Cody Brennfoerder 
June 2026

How odd is it to owe your journey to a bar of soap? It was just another weekend in early
2024 when I was going through my morning routine. There was just one change: I was
out of body wash and had to use a bar of soap. While soaping my chest, I noticed a
lump in my left breast at about 11 o’clock next to my nipple. I knew it was something to
be concerned about, and during an already scheduled doctor’s appointment the
following week, I mentioned it. They examined me and immediately scheduled for me to
have an appointment with the breast center to do an ultrasound/biopsy and
mammogram.
During the ultrasound and biopsy, it was discovered that I had an enlarged lymph node
under my left arm. One of the good things about modern medicine and technology is
that you can see your results online or in an app on your phone. The downside to this is
that sometimes you see your results before the doctor does. I saw the words Ductal
Carcinoma In Situ, and what is worse is the word that was next to this information.
Metastatic.
Now, the media loves to fetishize and embellish cancer on TV and in movies. Because
of this, when you see certain words, you immediately tend to think the worst. As soon as
I saw my diagnosis, I immediately spiraled and thought it was the end. How could this
be? I was only 34 and a guy!
However, I met with an amazing person, my nurse navigator assigned by the medical
center, she went over everything with me, and while yes, it was bad news, it was not as
horrible as I thought. She told me that it was stage 2a and was curable. This was
something we could fight! I immediately agreed to meet with their oncology team and
start fighting back. It was during this time that I began to research. What I found both
amazed and appalled me. Male breast cancer accounts for about 1% of the annual
diagnoses. Of those, the average age is between 60 and 70. I was half that!

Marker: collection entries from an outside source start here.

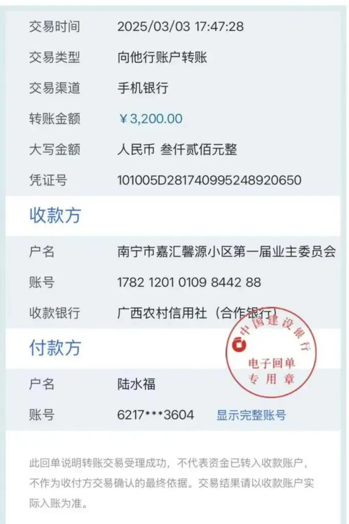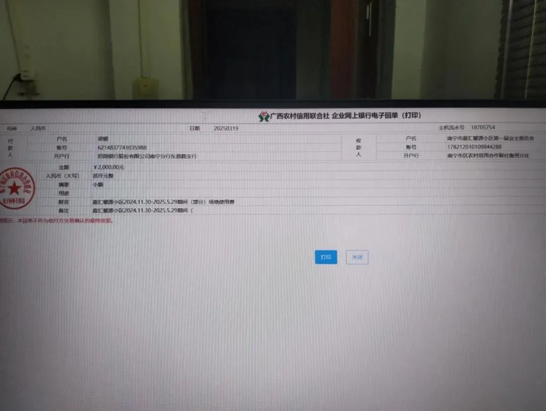 ★(二十)2025年3月3日,确认绿色旧衣回收箱承包商转入2025年度场地占用费,公共收益增收¥3200.00元。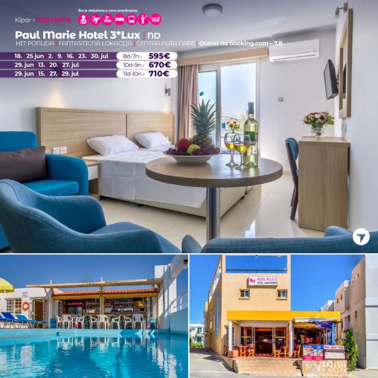 Објекат Paul Marie Hotel Apartments је смештен у центру летовалишта Аја Напа и располаже рестораном и кровним базеном на отвореном. WiFi је доступан у заједничким просторијама. Студији и апартмани у објекту Paul Marie Hotel садрже простор за седење и балкон са погледом на врт. Осим тога, имају чајну кухињу са плочама за кување и посуђем. Купатила у смештајним јединицама су опремљена феном за косу и тушем. Објекат Paul Marie Hotel Apartments такође нуди снек бар и рецепцију која ради нон-стоп. Међународни аеродром Ларнака је удаљен око 60 км. Понуда објекта обухвата и бесплатан паркинг.
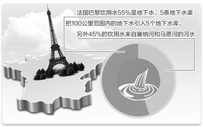独特的供水系统也是法国水质保证的特色之处。比如,巴黎市区有两套供水系统:一是提供饮用水;二是提供清洗街道和调控湿度用的非饮用水。巴黎饮用水55%是地下水,5条地下水渠把100公里范围内的地下水引入5个地下水库。地下水库的储水量为120万立方米,相当于巴黎一天半的用水量。另外45%的饮用水来自塞纳河和马恩河的河水。法国自来水多采用新式臭氧处理,其灭杀细菌、病毒的能力优于传统的臭氧处理,而且没有异味。法国饮用水号称是“控制最严格的食品”,自来水的质量要符合62条严格的测试标准,不仅要干净,还讲究口感、气味和透明度,可以直接喂养婴儿。所以,法国不仅有品香水和品酒廊,也有品水这个特殊行业,仅巴黎就有近20个品水点。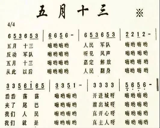这首《五月十三》歌曲,是嘉定县中地下党员为迎接嘉定解放,在解放前夕集体谱写的,并在嘉定解放之日尽情歌唱。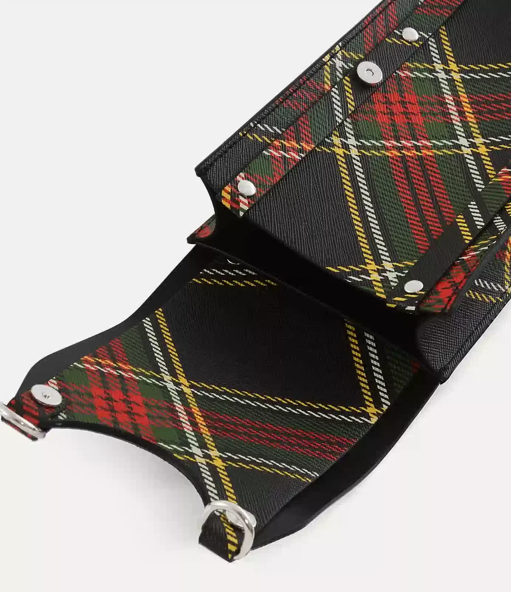 Geanta noastră Max Mini Crossbody prezintă elemente inspirate din bondage, care amintesc de colecția noastră „Erotic Zones” din primăvara-vara 1995, completată cu detalii metalice argintii. Piesa este decorată cu modelul nostru tartan „Chelsea” vibrant, finisat cu un motiv „Line Orb” pe clapeta frontală.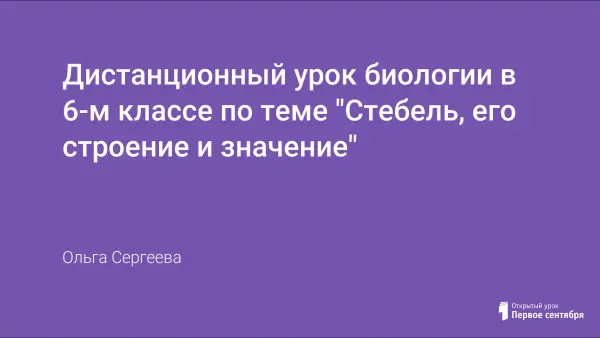 Представлен дистанционный урок биологии в 6-м классе по теме "Стебель, его строение и значение".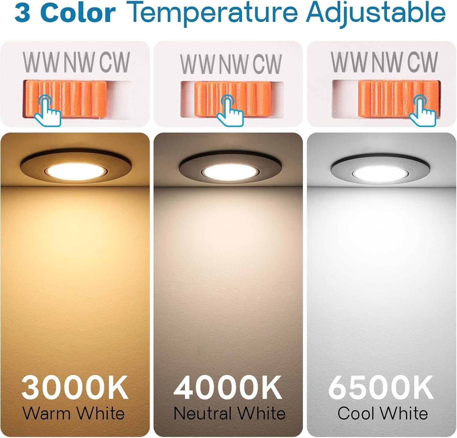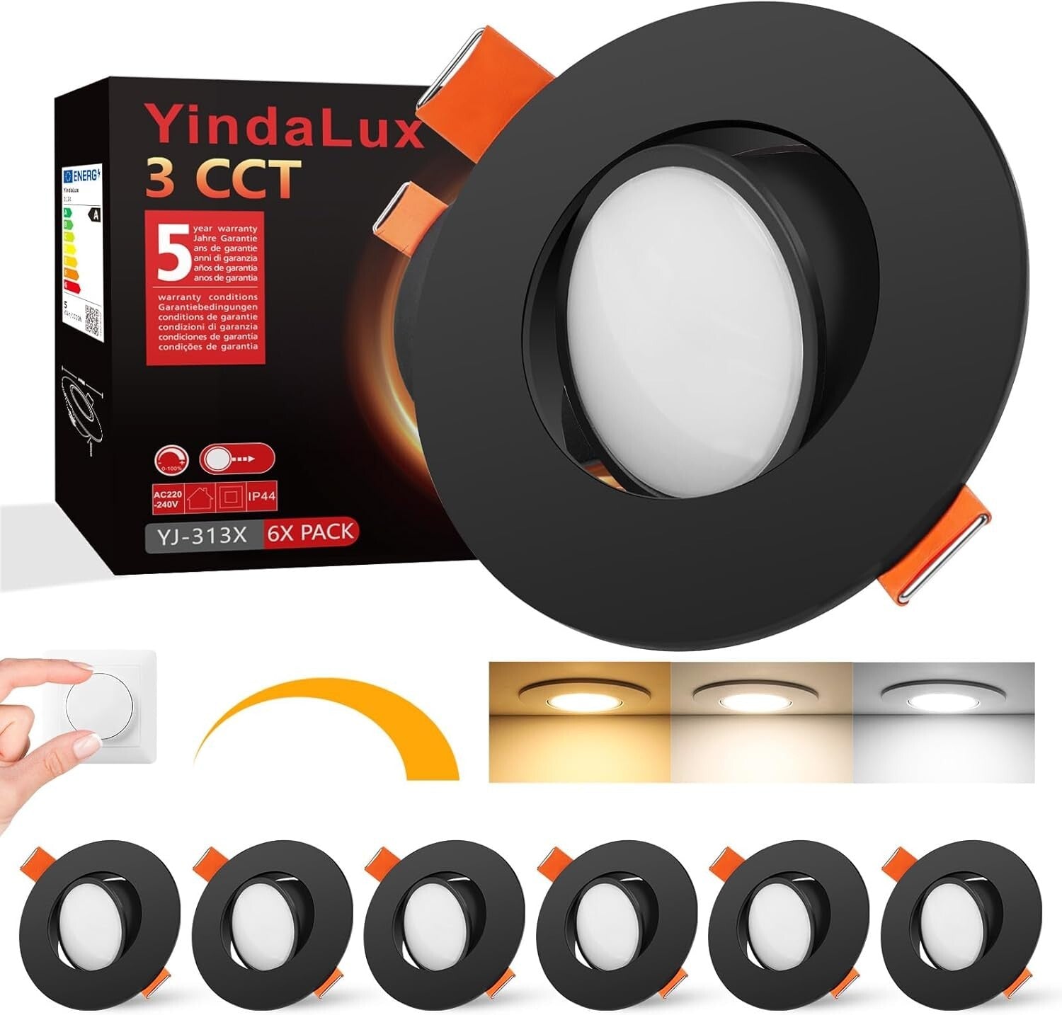 • 【CCT-3 Farbtemperaturen zur Auswahl 】Die Einbaustrahler led übernehmen das neue Design von 3CCT. LED Einbaustrahler 230V können auf Warmweiß (3000K) oder Neutralweiß (4000K) oder Kaltweiß (6500K) eingestellt werden, Die Lichtfarbe lässt sich durch einfaches Anklicken des orangefarbenen Kippschalters auf der Rückseite der Leuchte einstellen; Sie können die richtige Farbtemperatur für unterschiedliche Bedürfnisse und Szenarien wählen.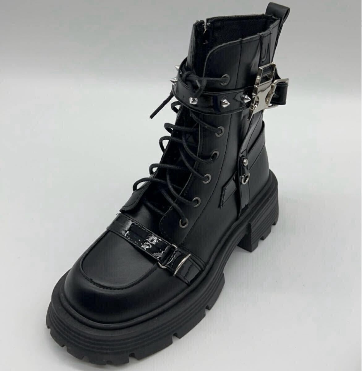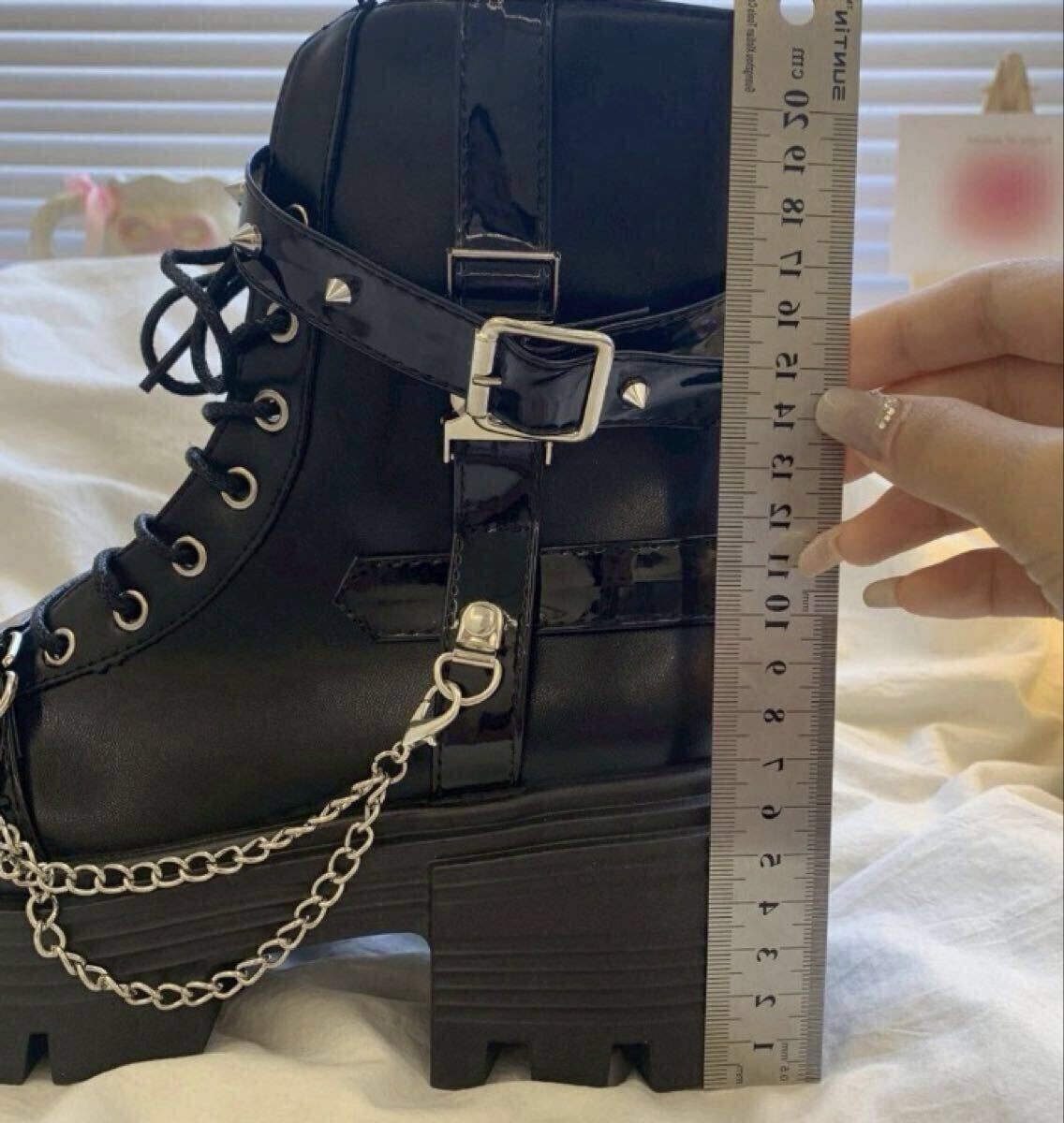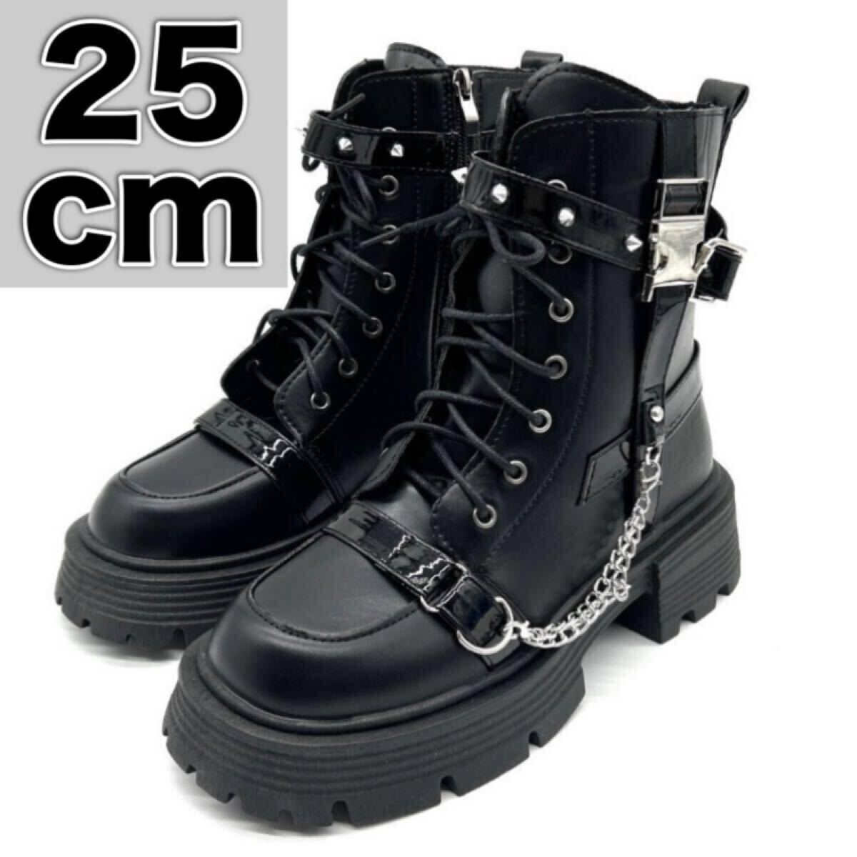 厚底デザインとチェーン装飾が特徴のブラックレースアップブーツ。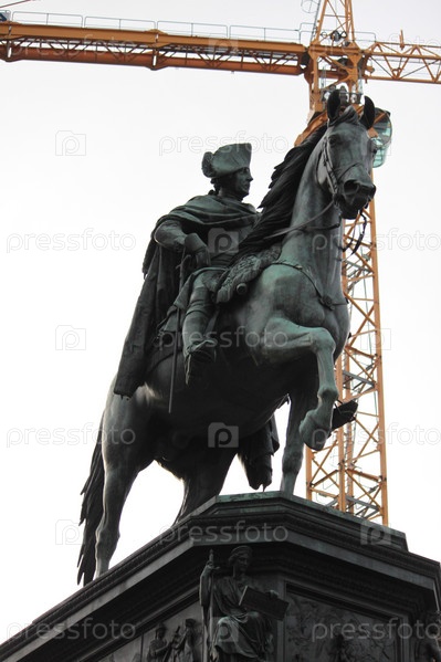 Памятник на фоне строительного крана

I met with my oncologist, who advised me that, based on my markers and being HER2
positive, they were going to prescribe an aggressive cocktail for chemotherapy with two
drugs and an immunotherapy/antibody drug. I was told the side effects (hair loss,
nausea, change in taste, etc.), and at the end, he told me that this could kill me. I was
willing to take the risk. The plan was made: 6 rounds of chemo, surgery, then radiation. I
made the decision early on that, regardless of what happened, I would not let this get
me down. I work from home for a fintech company, and my managers and director all
told me the same thing. Don’t worry about your job and projects. You take care of you.
My family was devastated and rallied around me (with my parents, my aunt, and uncle
traveling to stay with me to help around the house when I was too sick or exhausted to
take care of things.
I began chemo in April, and by early May, my hair began to fall out.
I decided to have fun with it. I began making the joke that I was saving money on
shaving cream, shampoo, and razors. I bought several wigs of different lengths and
colors and began wearing them to my chemo and oncology appointments. My friends
and I would make low-brow and occasionally dark jokes about my diagnosis. Humor of
many forms is what helped me get through things. I believe that this is not just a
physical battle but a mental and spiritual battle. You must think positively and have the
philosophy that no matter what, you will not let this win, and you will fight to the end.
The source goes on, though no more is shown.